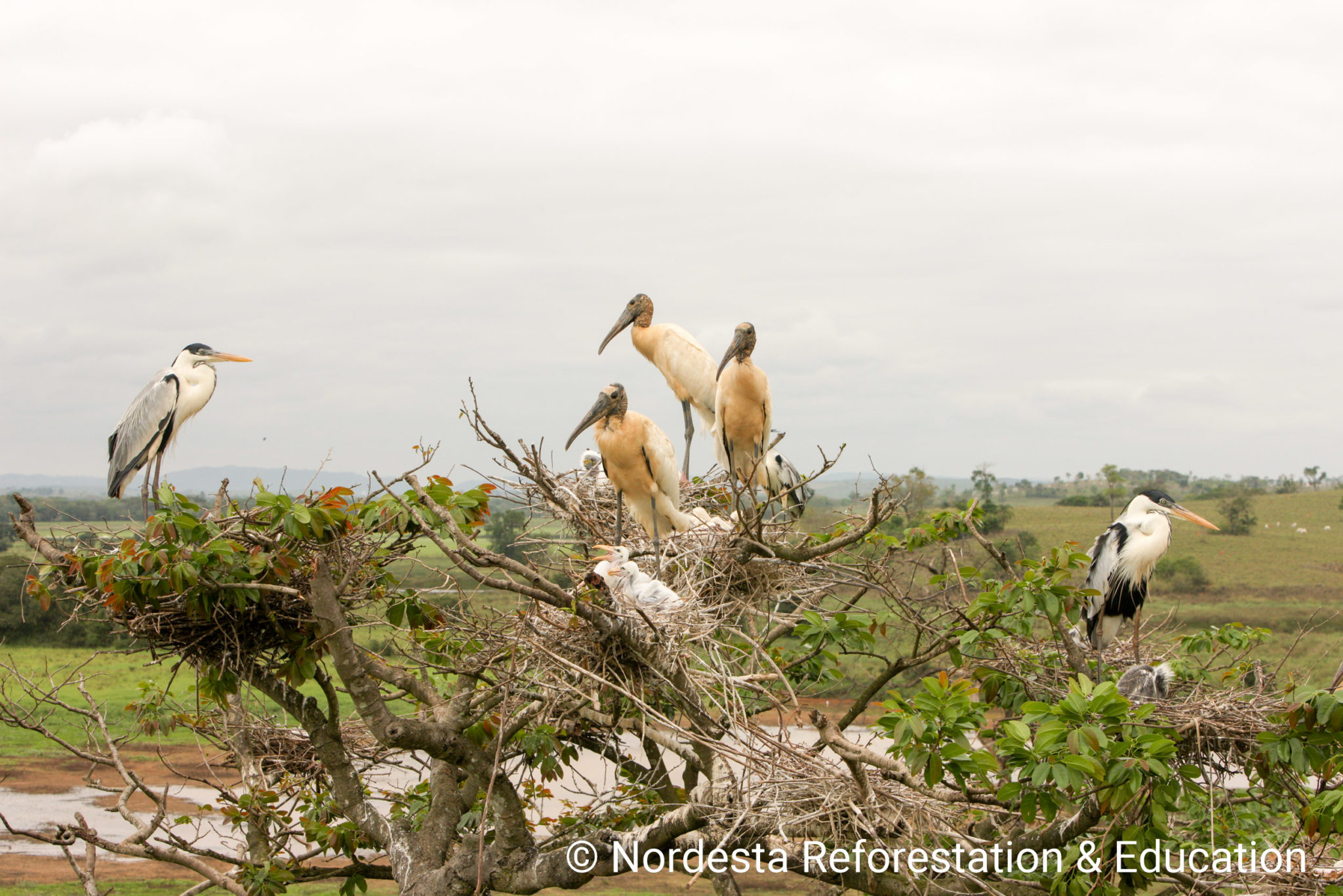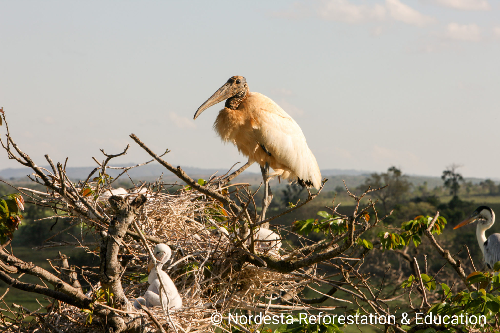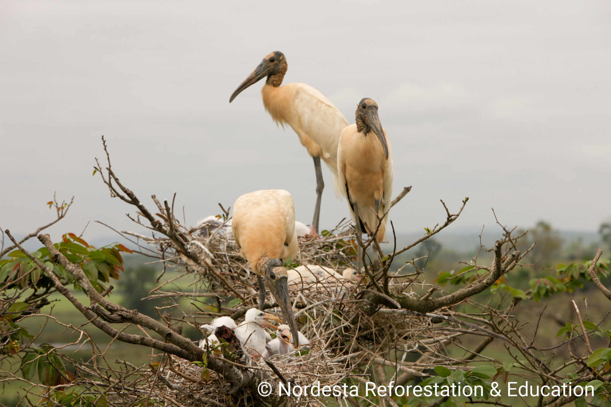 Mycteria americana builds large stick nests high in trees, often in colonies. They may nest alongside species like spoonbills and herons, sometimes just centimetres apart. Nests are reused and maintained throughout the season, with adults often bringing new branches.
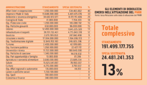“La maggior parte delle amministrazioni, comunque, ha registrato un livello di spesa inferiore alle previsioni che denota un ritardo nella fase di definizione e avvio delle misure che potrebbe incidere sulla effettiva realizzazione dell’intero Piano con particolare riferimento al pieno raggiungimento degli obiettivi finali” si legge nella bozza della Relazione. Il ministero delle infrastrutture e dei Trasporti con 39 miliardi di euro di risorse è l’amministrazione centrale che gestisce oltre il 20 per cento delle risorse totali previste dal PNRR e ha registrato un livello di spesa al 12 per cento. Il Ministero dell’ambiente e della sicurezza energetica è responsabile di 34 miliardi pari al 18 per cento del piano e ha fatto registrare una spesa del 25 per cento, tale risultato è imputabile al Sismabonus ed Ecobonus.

===============

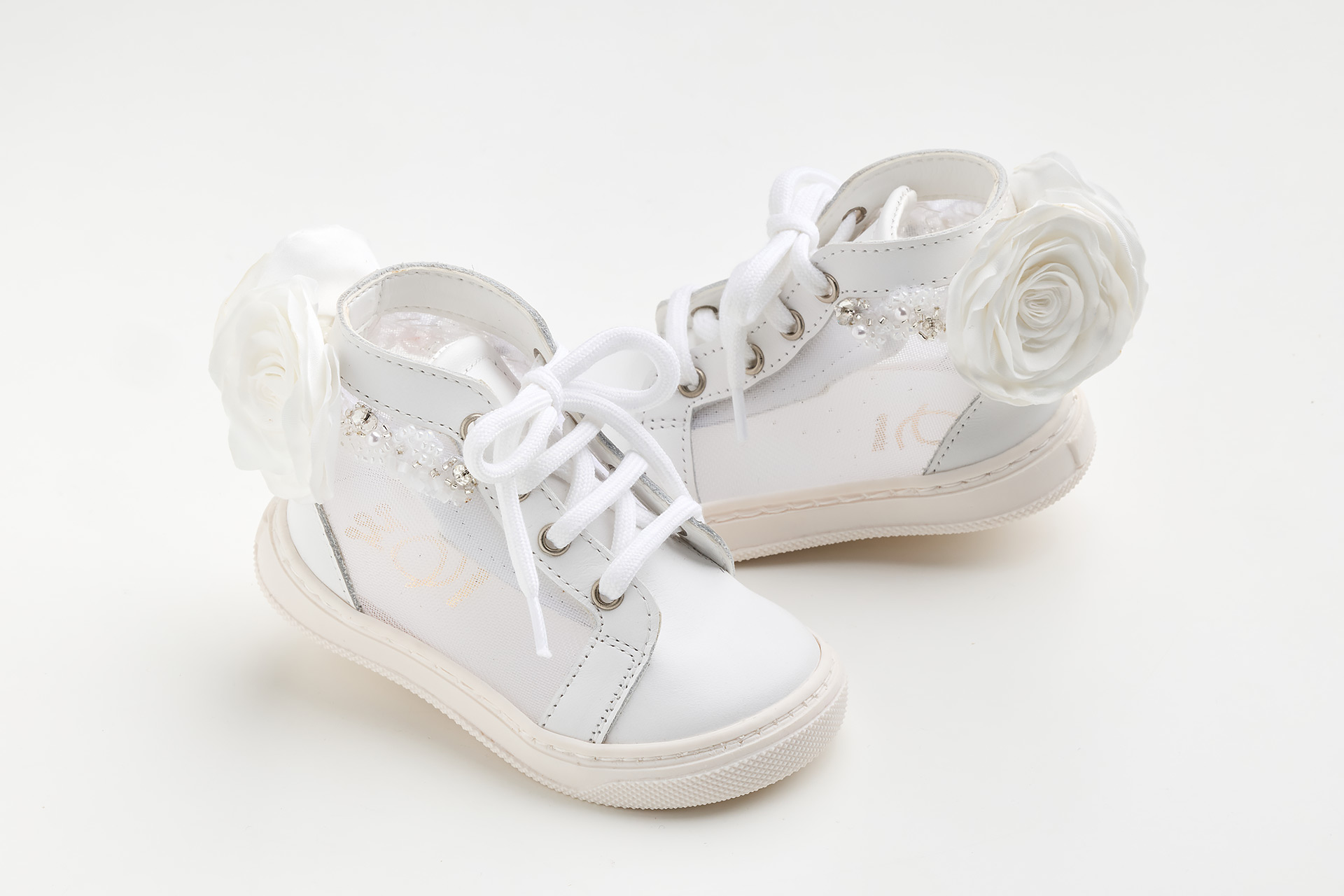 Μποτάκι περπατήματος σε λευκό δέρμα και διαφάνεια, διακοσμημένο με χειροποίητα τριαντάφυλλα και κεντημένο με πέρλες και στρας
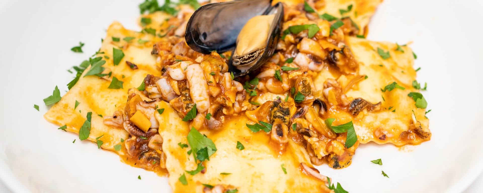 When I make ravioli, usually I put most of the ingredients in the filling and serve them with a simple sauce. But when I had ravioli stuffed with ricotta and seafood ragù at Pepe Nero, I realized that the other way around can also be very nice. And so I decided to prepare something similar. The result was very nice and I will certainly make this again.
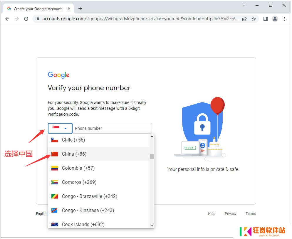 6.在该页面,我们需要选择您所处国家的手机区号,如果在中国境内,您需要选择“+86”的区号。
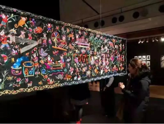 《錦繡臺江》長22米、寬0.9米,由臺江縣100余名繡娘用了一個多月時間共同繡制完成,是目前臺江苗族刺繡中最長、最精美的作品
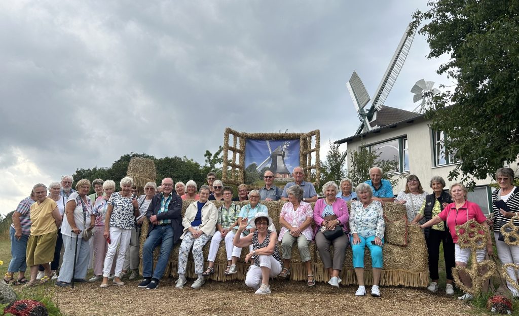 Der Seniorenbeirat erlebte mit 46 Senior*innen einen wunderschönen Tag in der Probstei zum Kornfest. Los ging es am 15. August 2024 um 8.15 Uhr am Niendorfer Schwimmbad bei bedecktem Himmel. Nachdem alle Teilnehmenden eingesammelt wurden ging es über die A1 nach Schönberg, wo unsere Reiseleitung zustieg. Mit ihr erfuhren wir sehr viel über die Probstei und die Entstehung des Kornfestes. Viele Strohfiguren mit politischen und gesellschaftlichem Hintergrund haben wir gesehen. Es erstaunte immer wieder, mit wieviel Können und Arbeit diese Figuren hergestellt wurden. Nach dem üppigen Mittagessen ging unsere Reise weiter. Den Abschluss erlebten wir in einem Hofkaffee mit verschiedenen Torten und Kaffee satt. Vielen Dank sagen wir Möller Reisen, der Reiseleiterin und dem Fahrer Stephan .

===============

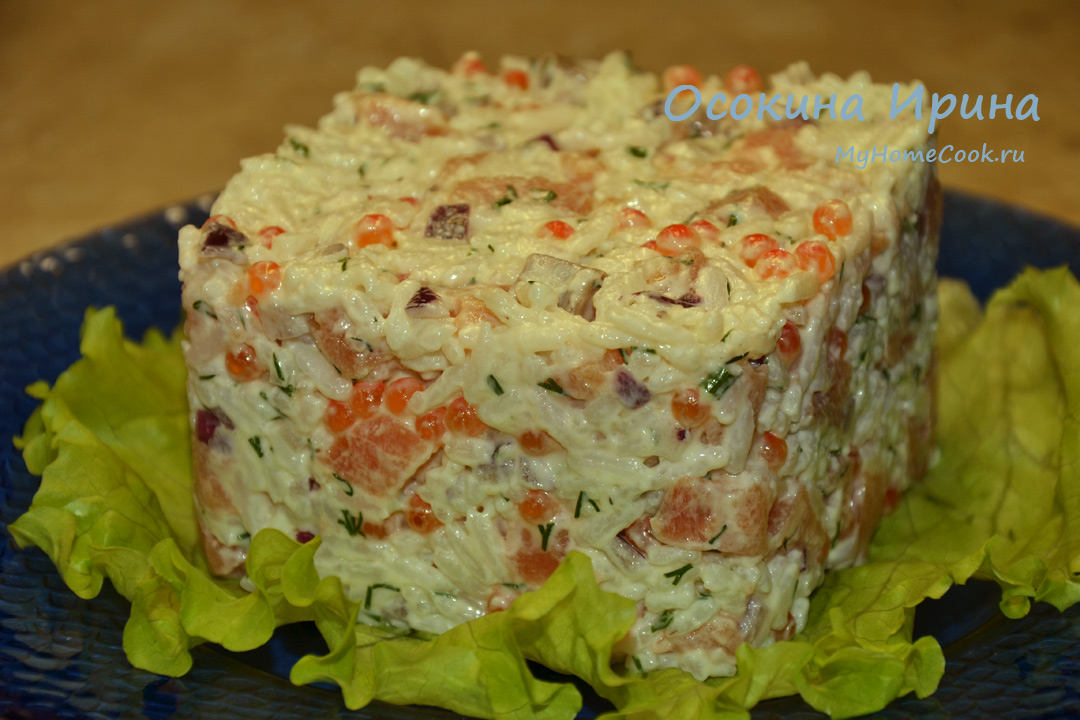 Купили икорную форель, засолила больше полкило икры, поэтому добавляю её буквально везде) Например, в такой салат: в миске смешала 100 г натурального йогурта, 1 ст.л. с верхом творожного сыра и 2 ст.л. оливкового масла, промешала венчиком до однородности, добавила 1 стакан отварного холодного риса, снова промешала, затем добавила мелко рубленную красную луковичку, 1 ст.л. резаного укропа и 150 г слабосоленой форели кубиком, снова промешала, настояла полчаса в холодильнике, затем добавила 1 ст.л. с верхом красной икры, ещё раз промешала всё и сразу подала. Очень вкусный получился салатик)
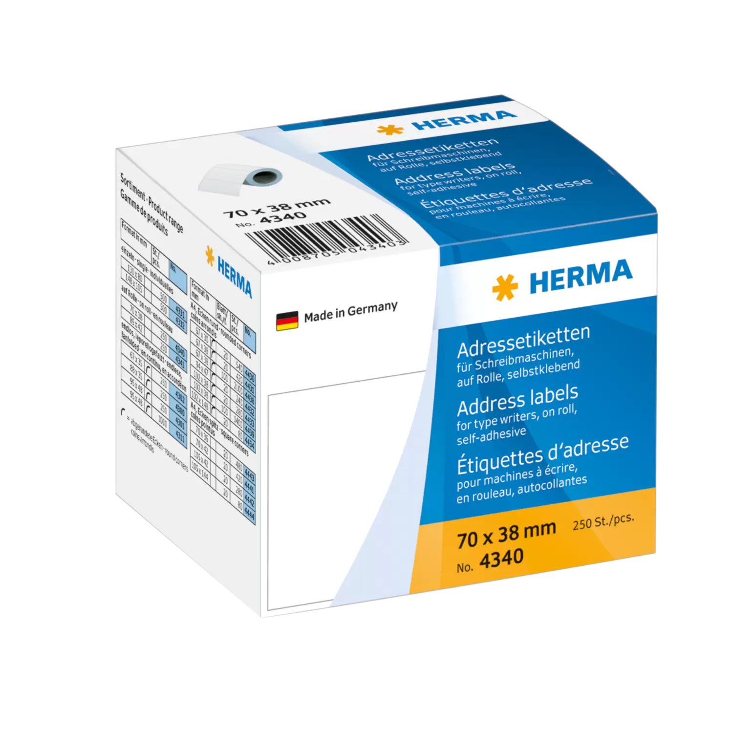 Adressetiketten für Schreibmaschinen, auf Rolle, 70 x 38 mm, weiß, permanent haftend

===============

EXERCISE DESCRIPTION:
Please copy out from the data above, without any picture, exactly the lines running from the one that holds "Mycteria americana builds" through the one that holds "Sismabonus ed Ecobonus.", and nothing beyond them.

SOLUTION TO THIS EXERCISE:
 Mycteria americana builds large stick nests high in trees, often in colonies. They may nest alongside species like spoonbills and herons, sometimes just centimetres apart. Nests are reused and maintained throughout the season, with adults often bringing new branches.
“La maggior parte delle amministrazioni, comunque, ha registrato un livello di spesa inferiore alle previsioni che denota un ritardo nella fase di definizione e avvio delle misure che potrebbe incidere sulla effettiva realizzazione dell’intero Piano con particolare riferimento al pieno raggiungimento degli obiettivi finali” si legge nella bozza della Relazione. Il ministero delle infrastrutture e dei Trasporti con 39 miliardi di euro di risorse è l’amministrazione centrale che gestisce oltre il 20 per cento delle risorse totali previste dal PNRR e ha registrato un livello di spesa al 12 per cento. Il Ministero dell’ambiente e della sicurezza energetica è responsabile di 34 miliardi pari al 18 per cento del piano e ha fatto registrare una spesa del 25 per cento, tale risultato è imputabile al Sismabonus ed Ecobonus.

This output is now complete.